DATASET EXCERPT Start Marker
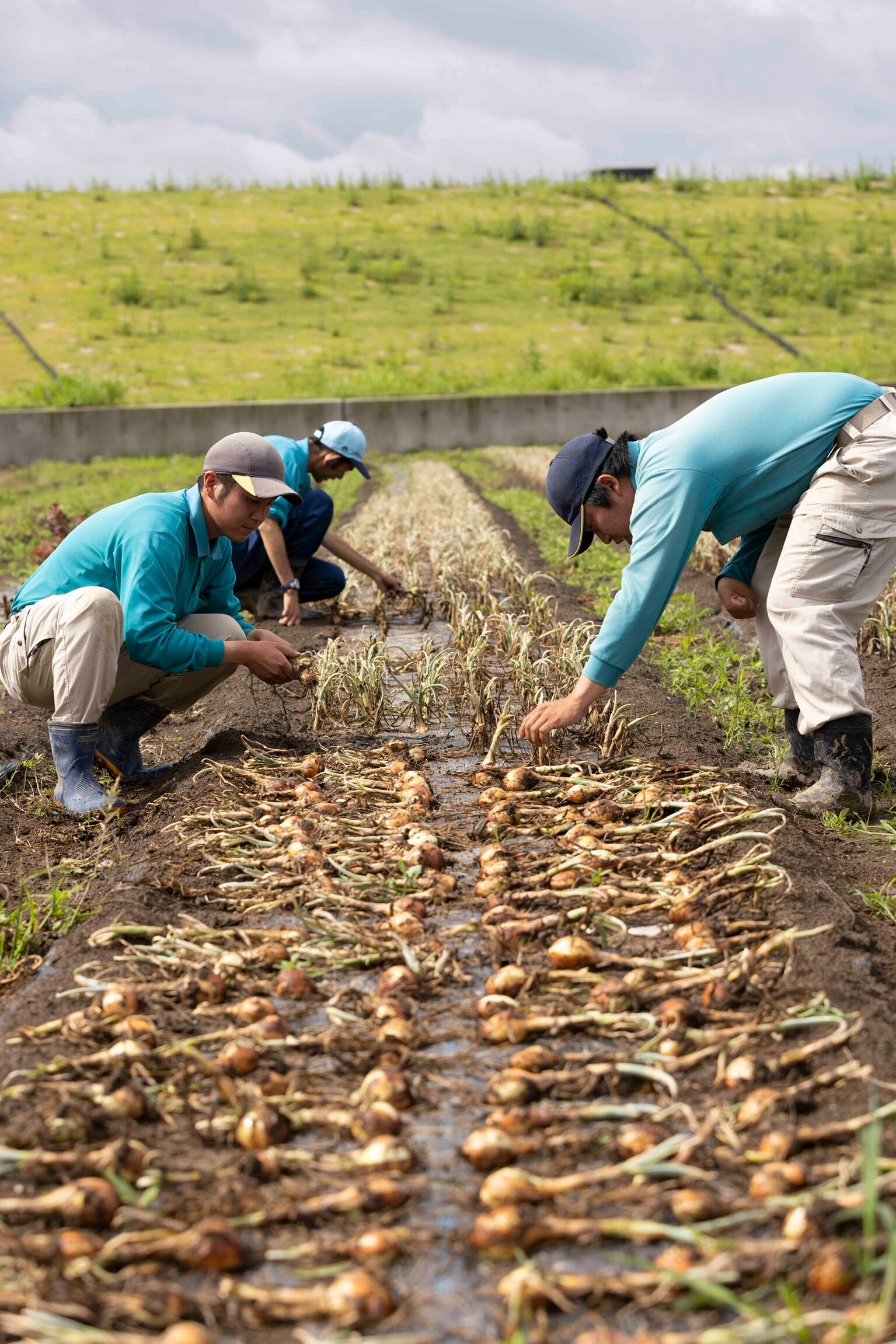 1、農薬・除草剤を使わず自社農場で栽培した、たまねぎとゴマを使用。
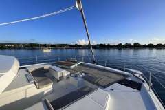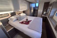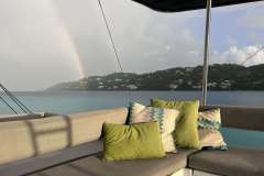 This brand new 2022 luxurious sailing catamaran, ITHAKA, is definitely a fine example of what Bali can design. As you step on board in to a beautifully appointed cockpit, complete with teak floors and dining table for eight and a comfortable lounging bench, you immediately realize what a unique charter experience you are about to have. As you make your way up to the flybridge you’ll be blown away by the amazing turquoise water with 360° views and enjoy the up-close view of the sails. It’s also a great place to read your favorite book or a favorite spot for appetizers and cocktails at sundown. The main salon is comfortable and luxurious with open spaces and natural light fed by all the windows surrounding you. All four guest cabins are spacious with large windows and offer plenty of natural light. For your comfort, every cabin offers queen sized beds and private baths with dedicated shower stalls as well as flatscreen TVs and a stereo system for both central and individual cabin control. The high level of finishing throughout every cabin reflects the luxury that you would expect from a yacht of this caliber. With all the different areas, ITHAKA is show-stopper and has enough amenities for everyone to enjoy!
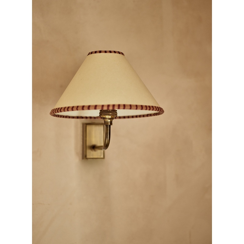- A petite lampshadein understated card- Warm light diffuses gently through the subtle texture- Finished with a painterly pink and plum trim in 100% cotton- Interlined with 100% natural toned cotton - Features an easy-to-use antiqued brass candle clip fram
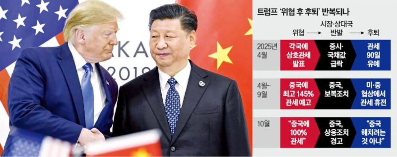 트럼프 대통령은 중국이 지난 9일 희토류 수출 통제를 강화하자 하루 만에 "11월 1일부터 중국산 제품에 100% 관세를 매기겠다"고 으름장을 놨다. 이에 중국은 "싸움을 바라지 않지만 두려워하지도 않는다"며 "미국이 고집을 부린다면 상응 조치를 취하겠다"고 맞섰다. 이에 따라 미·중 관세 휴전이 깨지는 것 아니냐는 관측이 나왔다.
DATASET EXCERPT End Marker
**EXERCISE REQUIREMENTS**. Reproduce the listing word for word and omit its pictures.

**RESULT**.
 1、農薬・除草剤を使わず自社農場で栽培した、たまねぎとゴマを使用。
 This brand new 2022 luxurious sailing catamaran, ITHAKA, is definitely a fine example of what Bali can design. As you step on board in to a beautifully appointed cockpit, complete with teak floors and dining table for eight and a comfortable lounging bench, you immediately realize what a unique charter experience you are about to have. As you make your way up to the flybridge you’ll be blown away by the amazing turquoise water with 360° views and enjoy the up-close view of the sails. It’s also a great place to read your favorite book or a favorite spot for appetizers and cocktails at sundown. The main salon is comfortable and luxurious with open spaces and natural light fed by all the windows surrounding you. All four guest cabins are spacious with large windows and offer plenty of natural light. For your comfort, every cabin offers queen sized beds and private baths with dedicated shower stalls as well as flatscreen TVs and a stereo system for both central and individual cabin control. The high level of finishing throughout every cabin reflects the luxury that you would expect from a yacht of this caliber. With all the different areas, ITHAKA is show-stopper and has enough amenities for everyone to enjoy!
- A petite lampshadein understated card- Warm light diffuses gently through the subtle texture- Finished with a painterly pink and plum trim in 100% cotton- Interlined with 100% natural toned cotton - Features an easy-to-use antiqued brass candle clip fram
 트럼프 대통령은 중국이 지난 9일 희토류 수출 통제를 강화하자 하루 만에 "11월 1일부터 중국산 제품에 100% 관세를 매기겠다"고 으름장을 놨다. 이에 중국은 "싸움을 바라지 않지만 두려워하지도 않는다"며 "미국이 고집을 부린다면 상응 조치를 취하겠다"고 맞섰다. 이에 따라 미·중 관세 휴전이 깨지는 것 아니냐는 관측이 나왔다.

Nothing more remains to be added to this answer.